The release process typically requires rules like:
MMLU-Pro and GPQA are critical – any regression above 1 pp blocks the release.
HumanEval and TriviaQA are supporting – a slightly relaxed threshold of 1.5 pp.
IFEval is tracked for information but does not block.
Low-baseline benchmarks (AIME, HLE) need a relative-drop guardrail because 1 pp absolute means very different things at 80% vs 10% baseline accuracy.
If a required benchmark was not evaluated, the release cannot be certified.
Without automation, teams run nel compare on each benchmark separately, open a spreadsheet, copy the deltas, eyeball whether each one is within tolerance, and manually declare “go” or “no-go.” This is error-prone, unreproducible, and does not scale.
The Approach#
nel gate automates the multi-benchmark quality decision. It takes two inputs:
Result directories containing evaluation bundles for baseline and candidate (one per benchmark).
A policy YAML that declares which benchmarks are required, what tier each belongs to, and what thresholds to apply.
The gate then:
Discovers all eval bundles in both directories and matches them by benchmark name.
Checks that every required benchmark is present in both baseline and candidate.
Evaluates each matched pair using paired per-item data: loads
results.jsonl, computes the delta on the primary metric, builds a 95% confidence interval on the paired delta.Applies the policy threshold: is the delta within tolerance? Is the relative drop within the guardrail? Is the evidence sufficient?
Aggregates per-benchmark statuses into a single verdict.
How the Gate Differs from nel compare#
nel compare uses McNemar’s significance test: “is this regression statistically real?” That is an investigation tool.
nel gate uses threshold-based gating: “does this regression exceed the allowed tolerance?” That is a release decision.

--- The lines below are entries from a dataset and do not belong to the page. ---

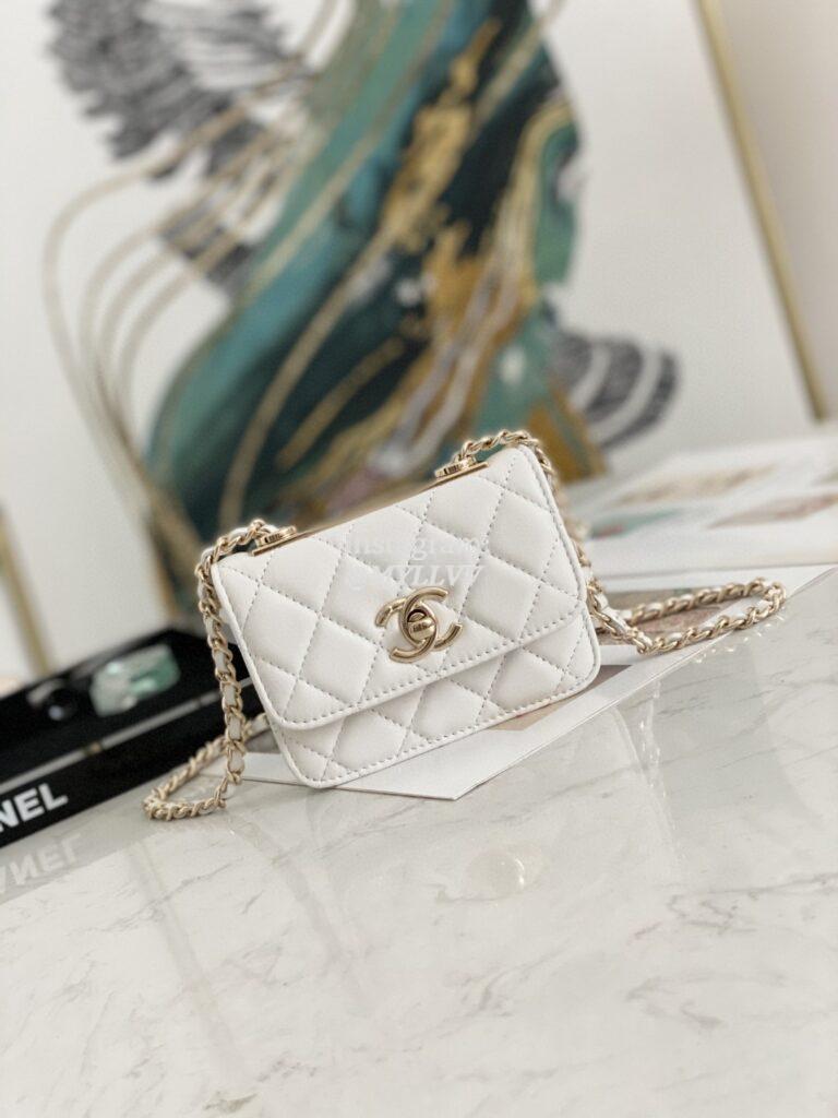 Top Quality Version:MYLLVV » Chanel Diamond Plaid Lambskin Chain Flap Bag White With Gold 82768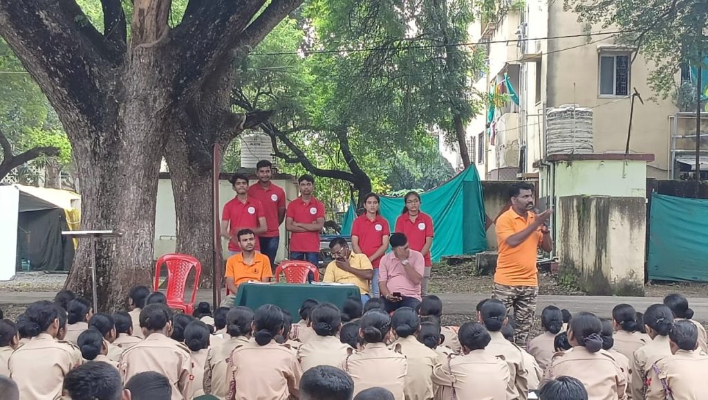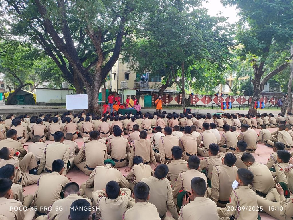 Disaster management trainers briefing NCC cadets on preparedness and emergency response during the Akola session.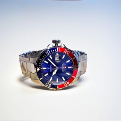 Model napędza mechanizm automatyczny Miyota z 21 kamieniami i rezerwą chodu około 40 godzin, napędzany ruchem nadgarstka – bez baterii. Mechanizm oferuje funkcję hakowania i ręcznego nakręcania, ułatwiając precyzyjne ustawienie czasu. Wodoszczelność 20 ATM (200 m) pozwala na nurkowanie z akwalungiem, a szkło szafirowe chroni tarczę przed zarysowaniami. Waga wynosi około 150 g, a zegarek zachowuje pełną 2-letnią gwarancję jako pełnowartościowy produkt.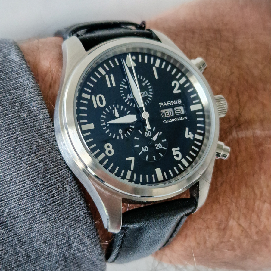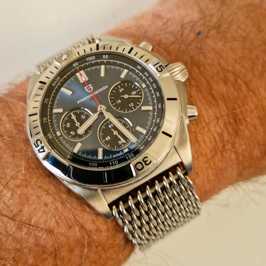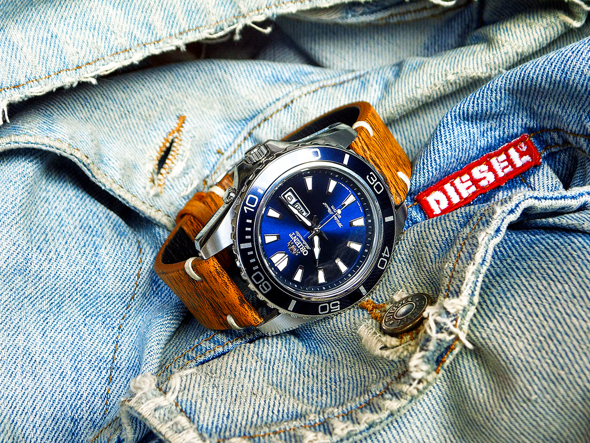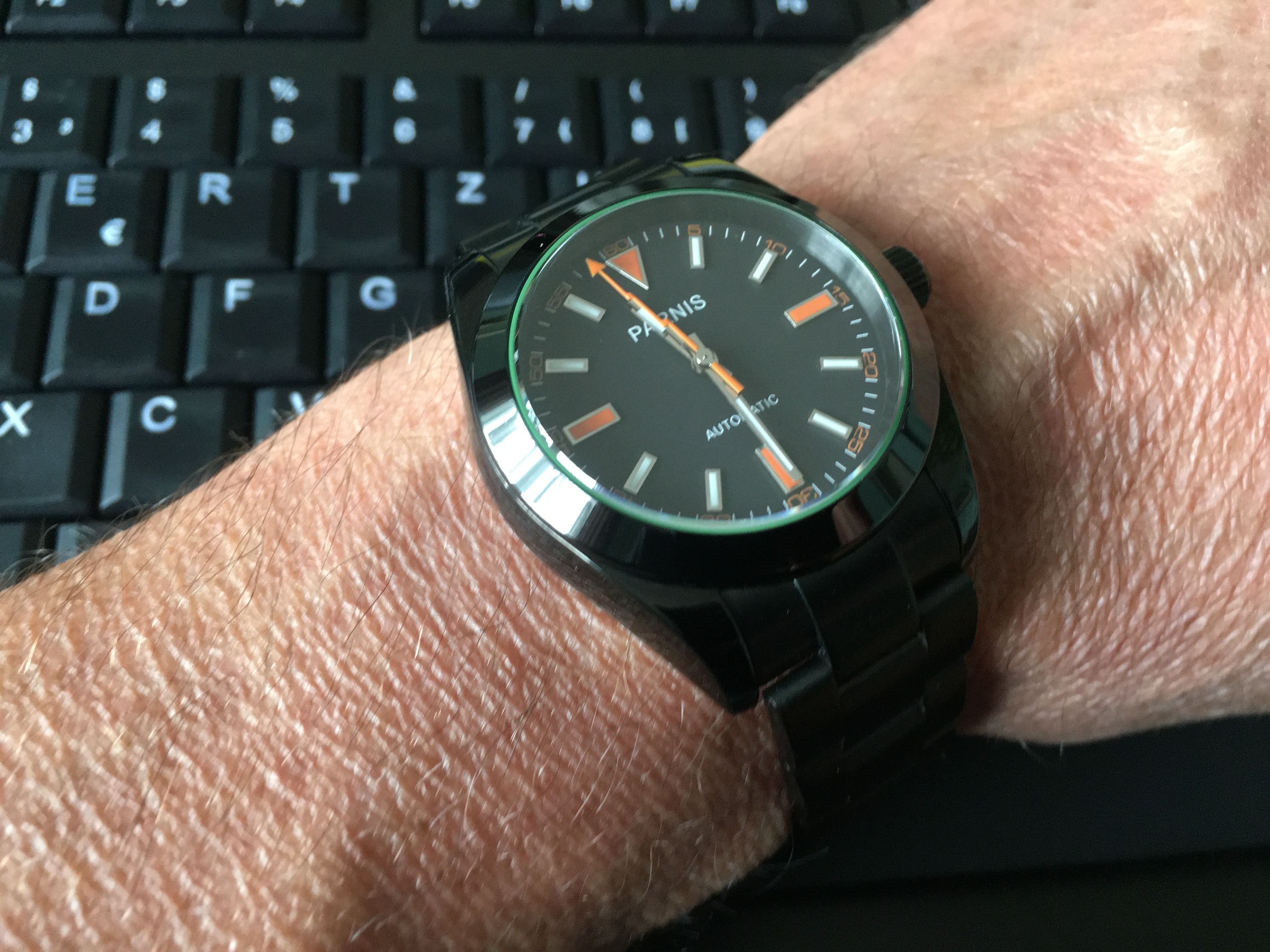 Klopper kann ich auch! Hier ein Kuriosum: Mischung aus 43mm Case ähnlich RLX Deep Sea, Batman-Lünetten Inlay (gab es nie bei der Deep Sea) und GMT-Werk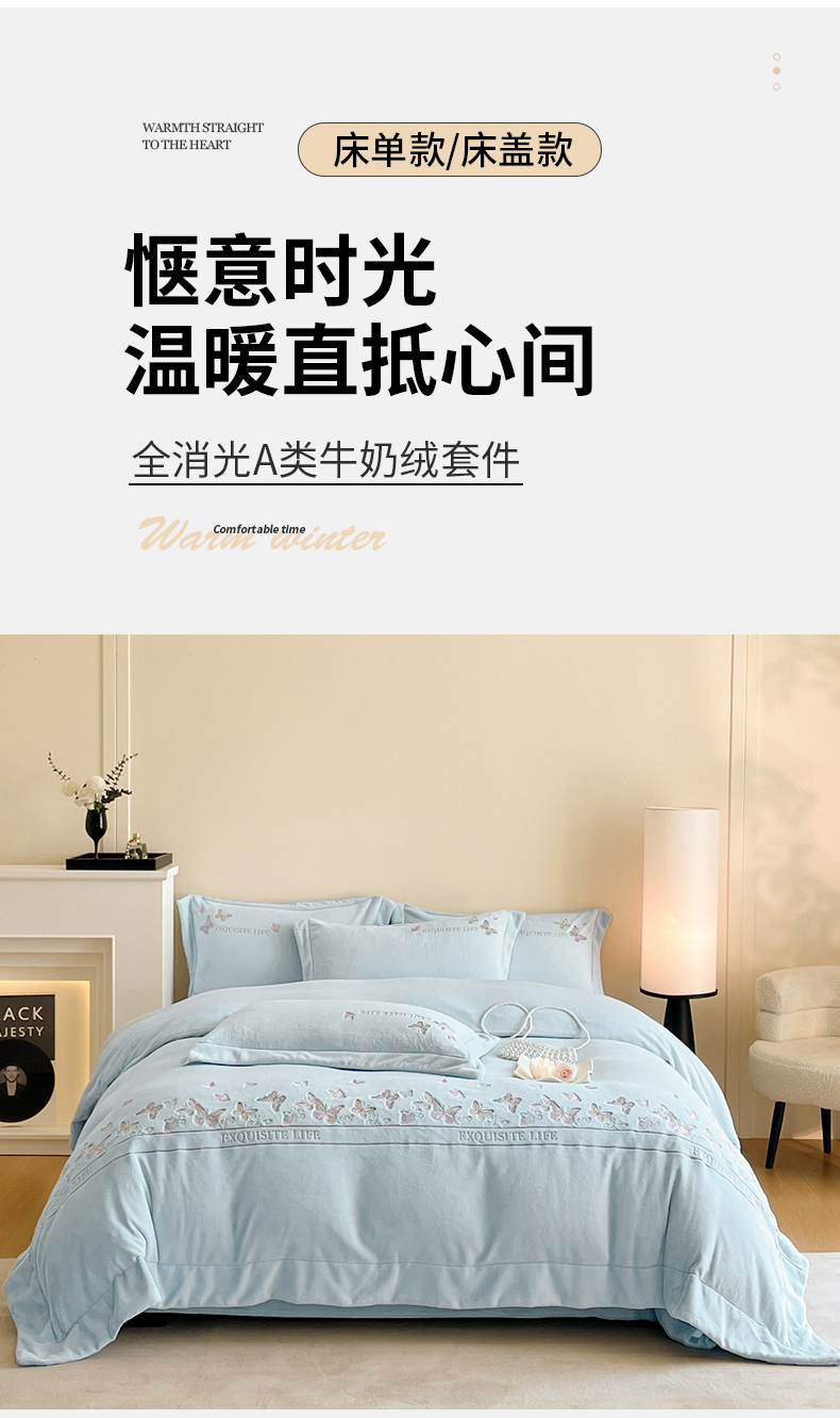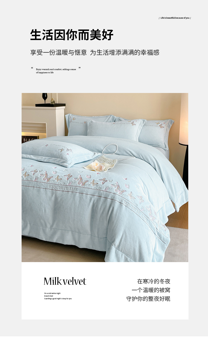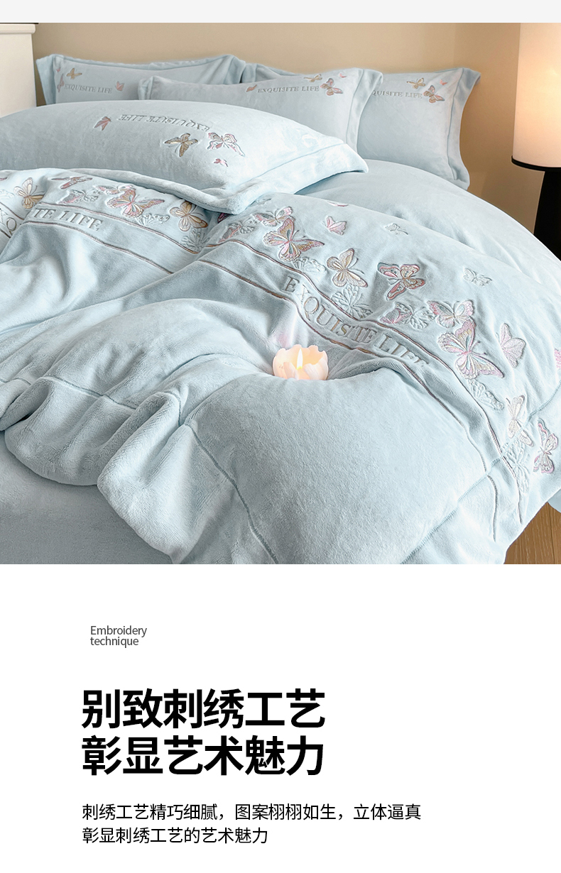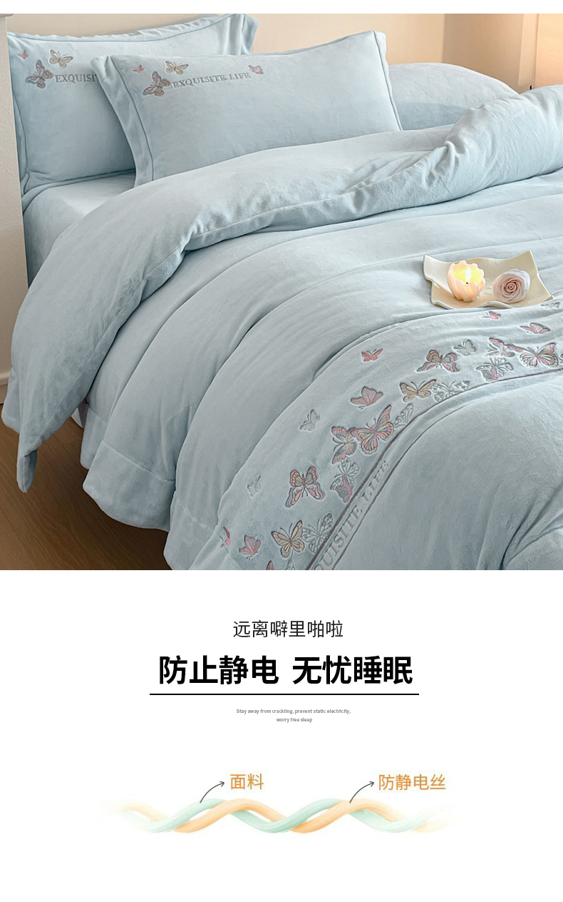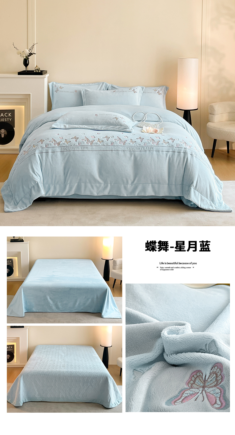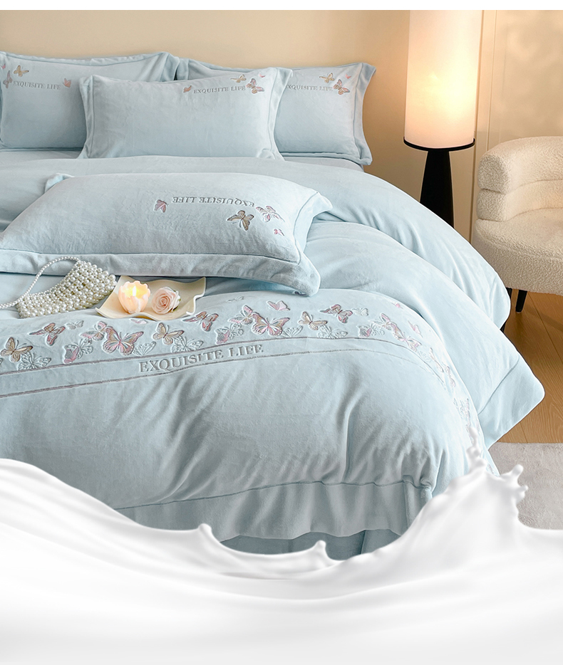 当前位置: 91家纺网 > 商品网购 > 床品套件 > 四件套 > 牛奶绒四件套 > 新方向 2025新款高克重240克A类全消光刺绣牛奶绒四件套-蝶舞 蝶舞-星月蓝

A benchmark can be statistically significant but within tolerance (acceptable). A benchmark can exceed the tolerance but lack statistical significance because the sample is small (insufficient evidence). The gate distinguishes these cases.
Per-Benchmark Status#
Status |
Meaning |
|---|---|
PASS |
The primary metric delta is within the allowed threshold |
BREACH |
The delta exceeds the threshold (absolute or relative) |
INSUFFICIENT_EVIDENCE |
Not enough paired data to compute the delta reliably (< 10 paired items, or missing |
MISSING |
The benchmark is required by the policy but was not found in the results |
Aggregate Verdict#
Verdict |
Rule |
|---|---|
GO |
All critical and supporting benchmarks passed |
NO-GO |
At least one critical or supporting benchmark is BREACH or MISSING |
INCONCLUSIVE |
At least one critical or supporting benchmark has INSUFFICIENT_EVIDENCE, but none breached |
Advisory benchmarks appear in the report but never affect the aggregate verdict.
Benchmark Tiers#
Tier |
Blocks release? |
Typical use |
|---|---|---|
critical |
Yes |
Core capability benchmarks (MMLU-Pro, GPQA, AIME) |
supporting |
Yes (relaxed threshold) |
Important but secondary benchmarks (HumanEval, TriviaQA) |
advisory |
No |
Experimental or informational benchmarks (IFEval, TruthfulQA) |
Both critical and supporting benchmarks have hard caps. The distinction is the threshold value, not whether the benchmark blocks. If you want a truly non-blocking benchmark, use advisory.
Walkthrough#
Step 1: Organize Your Evaluation Results#
Run your benchmark suite against both baseline and candidate. Organize results with one subdirectory per benchmark:
results/
baseline/
mmlu_pro/
eval-mmlu-pro.json
results.jsonl
gpqa/
eval-gpqa.json
results.jsonl
humaneval/
eval-humaneval.json
results.jsonl
candidate/
mmlu_pro/
eval-mmlu-pro.json
results.jsonl
gpqa/
eval-gpqa.json
results.jsonl
humaneval/
eval-humaneval.json
results.jsonl
The results.jsonl files are essential. Without per-problem data, the gate can only report INSUFFICIENT_EVIDENCE. Always run evaluations that produce results.jsonl.
Step 2: Write the Policy#
Create a YAML file that declares your release criteria:
# gate_policy.yaml
version: 1
defaults:
tier: supporting
metric: mean_reward
direction: higher_is_better
max_drop: 0.015 # 1.5 pp for supporting benchmarks
benchmarks:
mmlu_pro:
tier: critical
max_drop: 0.01 # 1.0 pp for critical
gpqa:
tier: critical
max_drop: 0.01
humaneval:
metric: pass@1 # code benchmarks use pass@1
max_drop: 0.015
aime_2025:
tier: critical
max_drop: 0.01
max_relative_drop: 0.02 # 2% relative guardrail
relative_guard_below: 0.20 # only apply when baseline < 20%
triviaqa:
tier: advisory # tracked, does not block
How to think about each field:
tier: Controls whether a breach blocks the release.criticalandsupportingboth block;advisorydoes not.metric: The single number the gate checks. Usemean_rewardfor accuracy-style benchmarks,pass@1for code execution benchmarks. This must be a metric present in the eval bundle’s scores.direction:higher_is_better(default) means a decrease is a regression. Uselower_is_betterfor metrics like perplexity or loss.max_drop: Maximum tolerated absolute regression on the 0-1 scale.0.01= 1 percentage point.max_relative_drop: Optional relative guardrail.0.02= 2%. Only meaningful for low-baseline benchmarks where a small absolute drop is a large relative change.relative_guard_below: The relative guardrail only activates when the baseline score is below this value. At 80% accuracy, a 1 pp drop is a 1.25% relative change (harmless). At 10% accuracy, a 1 pp drop is a 10% relative change (significant).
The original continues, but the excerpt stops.